Tuesday, June 2,2026 - 10:31 GMT+7  Việt Nam EngLish 

Vietnam’s imports of chemical and chemical products increased 

 Tuesday, June 2,2026

AsemconnectVietnam - In April of 2026, Vietnam's imports of chemicals and chemical products reached US$1.80 billion, a 7.40% increase compared to the previous month and a sharp 31.25% increase compared to the same period in 2025.

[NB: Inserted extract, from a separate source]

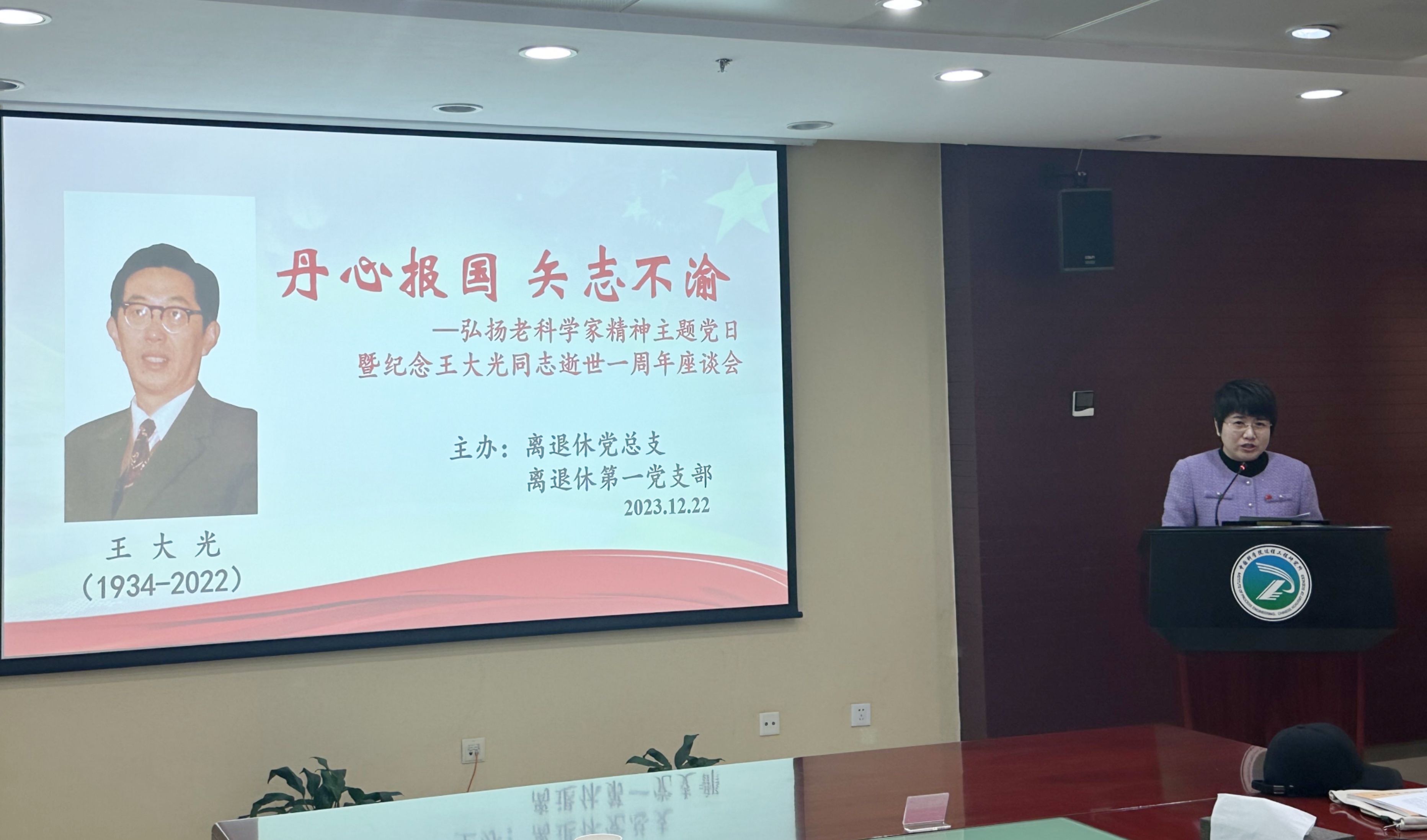 12月22日,离退休党总支、离退休第一党支部召开“弘扬老科学家精神主题党日暨纪念王大光同志逝世一周年座谈会”,近40位老党员和原二室的老同志以及王大光老师的家人、学生参会,其中近三分之一是“80后”老前辈。所党委书记朱庆山、党办主任刘冰莅临会议。
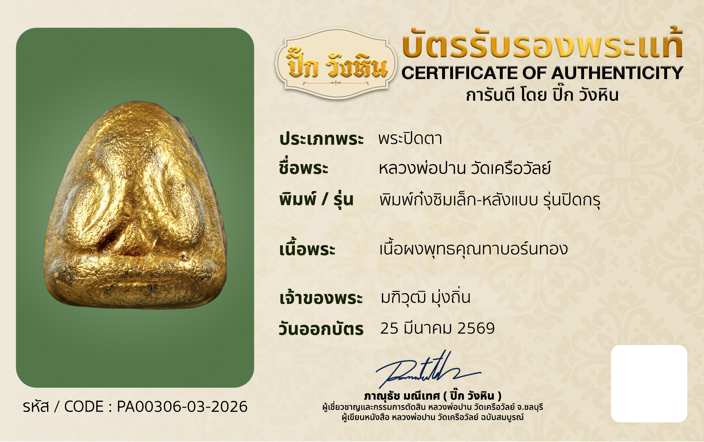 รหัสบัตรรับประกัน : PA00306-03-2026

For the first four months of 2026, the imports totaled US$6.01 billion, a 19.08% increase compared to the same period last year. This increase reflects the continued strong recovery in demand for raw materials for domestic industrial production, especially in the electronics, plastics, textiles, rubber, battery-energy, and industrial chemical sectors.
Foreign Direct Investment (FDI) enterprises continued to dominate Vietnam's chemical imports. In April of 2026, FDI enterprises imported US$1.14 billion worth of chemicals and chemical products, accounting for 63.64% of the total import value of the entire sector. Overall, in the first four months of the year, this sector's import turnover reached US$3.88 billion, a sharp increase of 36.73% compared to the same period last year, raising its share to 64.55%, significantly higher than the 56.22% of the same period in 2025.
This development showed that FDI enterprises, especially in the electronics, semiconductor, petrochemical, battery, and high-tech materials sectors, are continuing to expand production in Vietnam, leading to a large demand for imported basic chemicals, specialty chemicals, and intermediate raw materials.
China continued to be the largest supplier of chemicals to Vietnam, with import turnover reaching US$2.74 billion in the first four months of 2026, a sharp increase of 27.12% compared to the same period last year and accounting for 45.54% of the total import turnover of the entire industry. In April of 2026 alone, the imports from China reached US$892.19 million, a 20.64% increase compared to the previous month and a 50.68% increase compared to the same period last year.
The sharp increase in imports from China reflects the trend of Vietnamese businesses continuing to take advantage of the favorable prices, scale of production, and stable supply from this market. At the same time, the recovery of the domestic electronics, mechanical, plastics, and renewable energy industries is also increasing the demand for intermediate chemicals and industrial raw materials imported from China.
The total chemical imports from ASEAN reached US$802.75 million in the first four months of the year, a 7.86% increase compared to the same period last year, but the share decreased from 14.76% to 13.37%. Malaysia was the most prominent market with a turnover of US$317.64 million, a sharp increase of 37.53%, mainly due to demand for imported petrochemicals and plastic raw materials. Conversely, the imports from Singapore decreased sharply by 21.18%, while the imorts from Indonesia remained almost unchanged and the imports from Thailand only increased slightly by 3.12%.
South Korea and Japan continued to be two important sources of chemicals for Vietnam. In the first four months of 2016, imports from South Korea reached US$510.74 million, an increase of 20.14%, while imports from Japan reached US$449.20 million, an increase of 19.48%. These were mainly high-tech chemicals serving the electronics, semiconductor, battery, and precision industrial manufacturing industries.
Taiwan also recorded positive growth with a turnover of US$445.35 million, an increase of 18.97% compared to the same period last year. This indicates that the demand for imported chemical raw materials for the production of plastics, electronic components, and industrial chemicals remains high.
For the US market, chemical imports reached $369.58 million in the first four months of the year, a sharp increase of 35.79%. This is one of the highest increases among major markets, reflecting the increased demand for specialty chemicals, pharmaceuticals, industrial additives, and high-tech materials from the US.
Conversely, the imports from the EU are trending downwards. In the first four months of 2026, chemical imports from the EU reached $312.02 million, a decrease of 5.87% compared to the same period last year, and the share decreased from 6.57% to 5.20%. Some markets experienced significant declines, such as Germany (down 16.51%), the Netherlands (down 4.81%), and Finland (down 7.70%). The main reason was that industrial chemical prices in Europe remain high due to rising energy and environmental costs, leading Vietnamese businesses to shift towards importing from more competitive Asian markets.
Besides traditional markets, several smaller markets recorded notable growth, such as Canada (up 80.92%), Hong Kong (up 53.96%), South Africa (up 52.13%), and Australia (up 26.15%). This indicates that Vietnamese businesses are gradually diversifying their chemical raw material supply sources to reduce the risk of dependence on a few large markets.
Despite this positive growth trend, Vietnam's chemical import activities still face many risks. Fluctuations in global oil and petrochemical prices continue to impact import prices. Furthermore, trade tensions, logistical risks, and the tightening of environmental standards in many countries could increase import costs in the future.